Another profile that adds modern interest to an exterior is a reveal outside corner, which is a corner that steps back. Depending on the manufacturer, it may be available in different sizes to work with different panel and lap products. A corner trim with this profile was specified for the Cortona at Forest Park project in St. Louis. It was designed by Humphreys & Partners Architects, which has offices all over the world and specializes in multifamily projects. The colorful project has 278 units in five stories. The project won many awards, including a 2015 Gold Nugget Award of Merit in the category of Best Multifamily Housing Community, 2015 City of St. Louis Property of the Year, and was named one of the top five new residential developments of 2014 in St. Louis by St. Louis Magazine.7

Cortona at Forest Park in St. Louis is a colorful multifamily housing project that features distinctive corner trim made of extruded aluminum. A clear anodized finish provides an out-of-the-ordinary aesthetic.

Transition Profile Types

Creating a smooth transition between different types of exterior cladding is a challenge many designers face. While a single cladding type eliminates this issue, that kind of design decision can make for a building that lacks interest. These types of profiles provide a smooth transition from different cladding types, such as from vertical siding panels to lap siding. A low-profile outside corner design may authentically duplicate the look of a wood corner piece without the maintenance headaches. An inside corner option may eliminate a wooden inside corner piece that could split/rot over time.

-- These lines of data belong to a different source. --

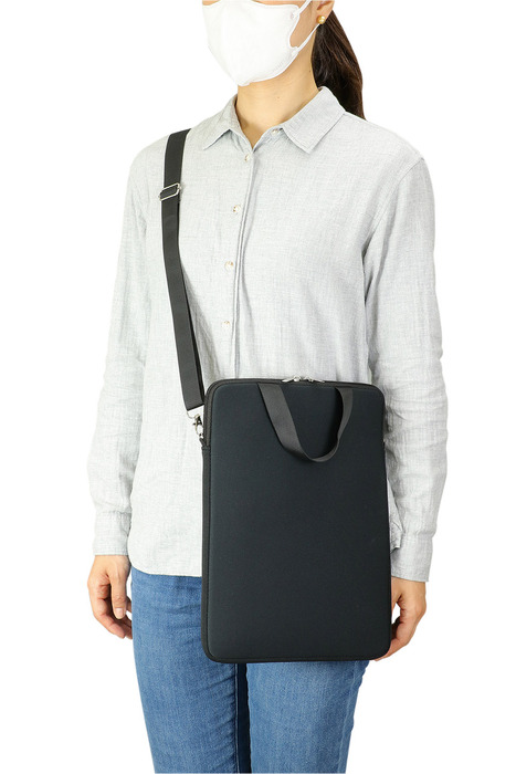 PCタブレット用クッションケース L ブラック ショルダー付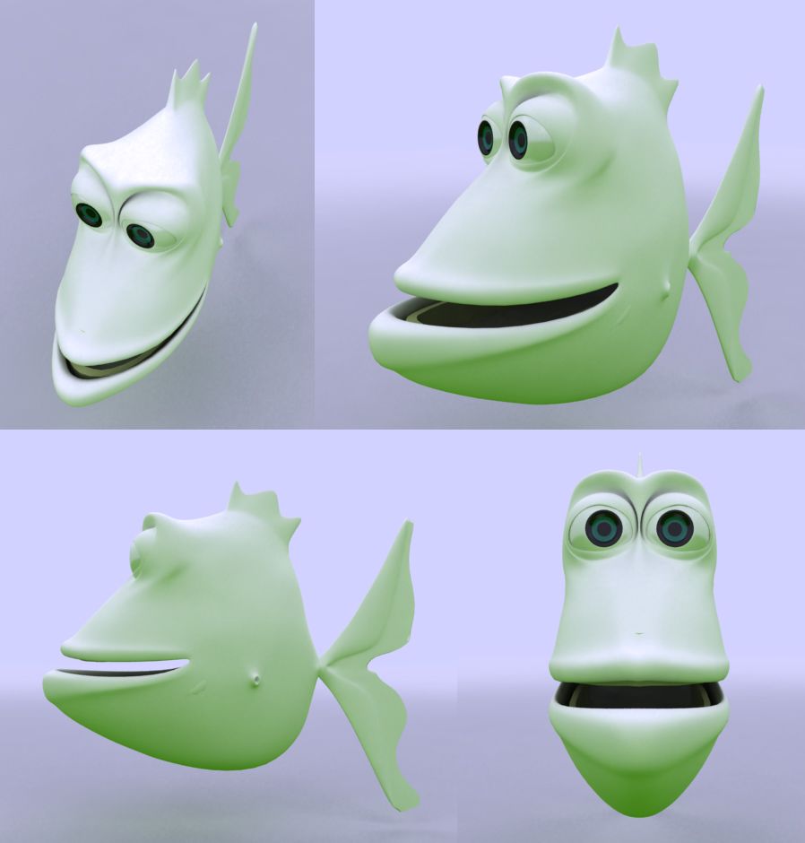 Interesante pecesito bocon si lo miras de frente puede parecerse a una rana oye creo que puedes darle otro uso además de un pez en cuanto a la imagen está muy bien modelado los felicito.
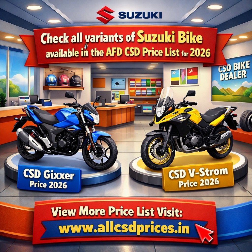 सुजुकी बाइक CSD AFD ऑनलाइन कैंटीन 2026 सभी उपलब्ध वेरिएंट के लिए प्राइस लिस्ट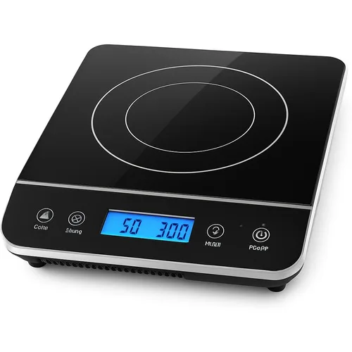 Commercial induction cooktop with stainless steel body and push button controls. Features temperature settings, ISI certification, and a metal finish. Portable and made in India.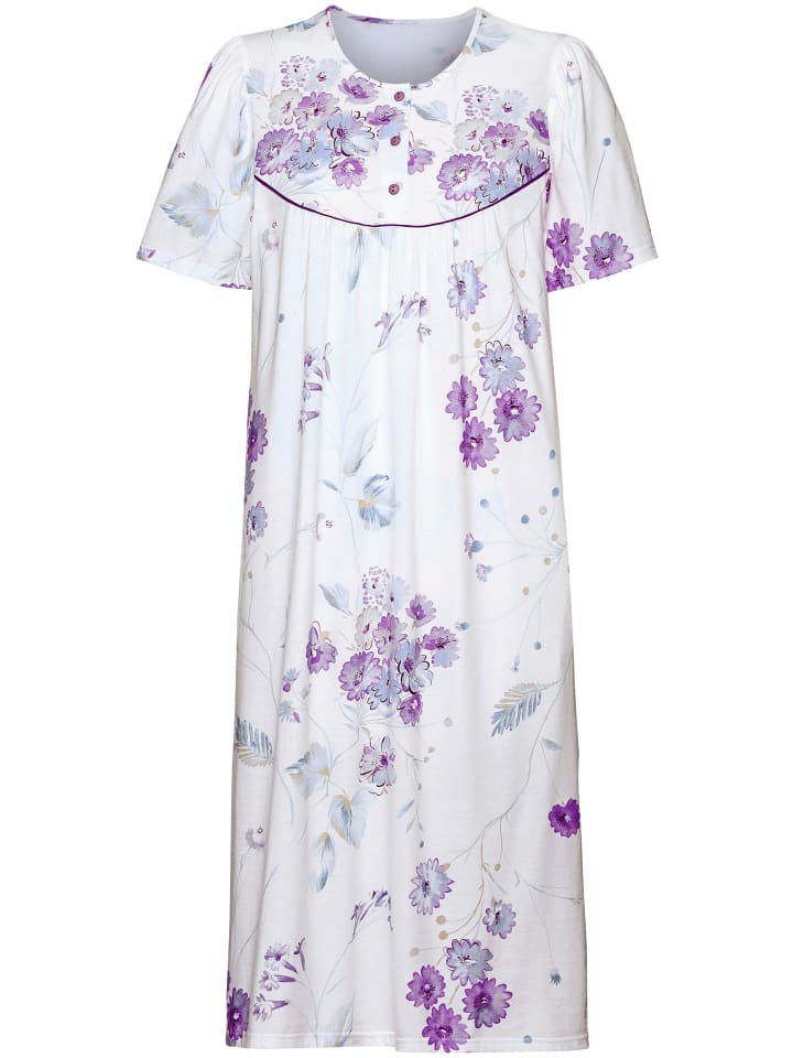 Высочайшее качество по отличной цене! Стильная ночная рубашка с цветочным рисунком. Круглый вырез горловины с короткой планкой на пуговицах и легкой сборкой спереди. Изготовлена из исключительно приятного для кожи трикотажного полотна. Сертифицировано OCS.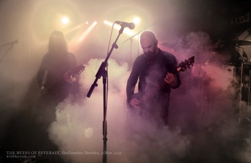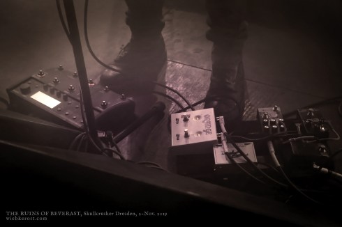 Einige Passagen erinnern mich irgendwie an alte SAMAEL und andere morbide Engel (vermutlich bei “Kain’s Countenance Fell”), oder auch an die epischen Kompositionen PRIMORDIALS in ihren besten Zeiten. Desweiteren greifen THE RUINS das schamanische Thema wieder auf, mit welchem WERIAN den Abend eingeleitet haben. So schließt sich der Kreis an diesem Abend. THE RUINS erschaffen eine mehrere Ebenen umspannende Klanggestalt, die unglaublich finster, kalt und doch warm zugleich erscheint. Und zwar live wie auf Platte. Umso erstaunlicher, dass all dies aus der Feder eines einzelnen stammt und live von Session-Musikern dargeboten wird.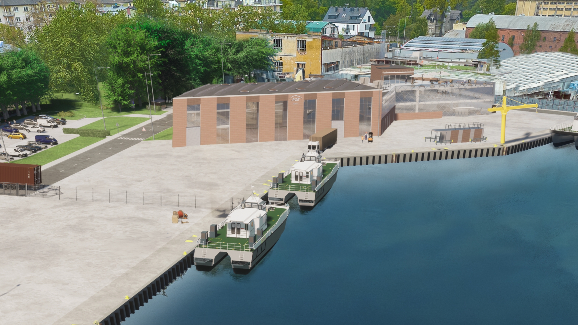 Inwestycja zostanie zlokalizowana w części portowej Ustki na zachodnim brzegu Słupi, w miejscu dawnej przetwórni ryb "Korab". W lecie zakończyły się rozbiórki starych przemysłowych zabudowań, a teren został uporządkowany i wyrównany w oczekiwaniu na rozpoczęcie budowy nowych obiektów, co zaplanowano na wiosnę 2025 rok. PGE Baltica zamknęła etap przyjmowania ofert na inżyniera kontraktu, czyli podmiot, który będzie nadzorował budowę w Ustce w imieniu inwestora.

This trim provides a transition between different types of cladding.

One project whose designer specified inside corner trim made of extruded aluminum is the Goldsmith Village Townhomes in Denver. The 35 units were built in 1979 and renovated using Low-Income Housing Tax Credits.8 The redevelopment project architect was Gensler, and the owner is the Denver Housing Authority. New exterior siding was part of the overall upgrade, and the blend of panels and lap siding gives the project architectural interest. The architects specified the inside corner trim in a clear anodized finish to create a transition between the differing materials. The new exterior siding, along with other energy-efficient features such as new windows and doors and high-efficiency water heaters, helped the project earn an Enterprise Green Built Communities certification.

Trim pieces made of extruded aluminum with a clear anodized finish were specified for the inside corner transitions at Goldsmith Village Townhomes in Denver.

Installation of Extruded Aluminum Architectural Reveals

For proper installation, always check with the manufacturer’s instructions. Typically, though, stainless steel fasteners are recommended for extruded aluminum pieces. Trim profiles may be secured in place with a few stainless steel nails until fastened through panels and into sheathing during panel or plank fastening per siding manufacturer’s instructions. Also very commonly used and accepted are galvanized fasteners.

It is recommended by most manufacturers that inset fiber cement panels be fastened to the wall with stainless steel Torx head screws or hot-dipped galvanized siding nails.

As per manufacturer’s instructions, sealant is likely recommended between butt joints where two trims come together. Further protection may be created by use of a piece of flashing behind the butt joint or with a metal flasher behind the joint.

LEED and Green Building

Depending on the manufacturer, extruded aluminum trim may be made from up to 75–100 percent post-industrial and post-consumer scrap. It’s good to remember that extruded aluminum is extremely durable and should outlast caulk by generations. The installation process itself is inherently sustainable, as it saves some cutting and ripping of siding materials. These factors may help the building achieve credits from LEED or other green building rating systems. For LEED certification, aluminum trims and reveals can earn or contribute to credits in the Materials and Resources 4.1 and 4.2 categories. These credits require a minimum percentage of the value of the building materials to be recycled.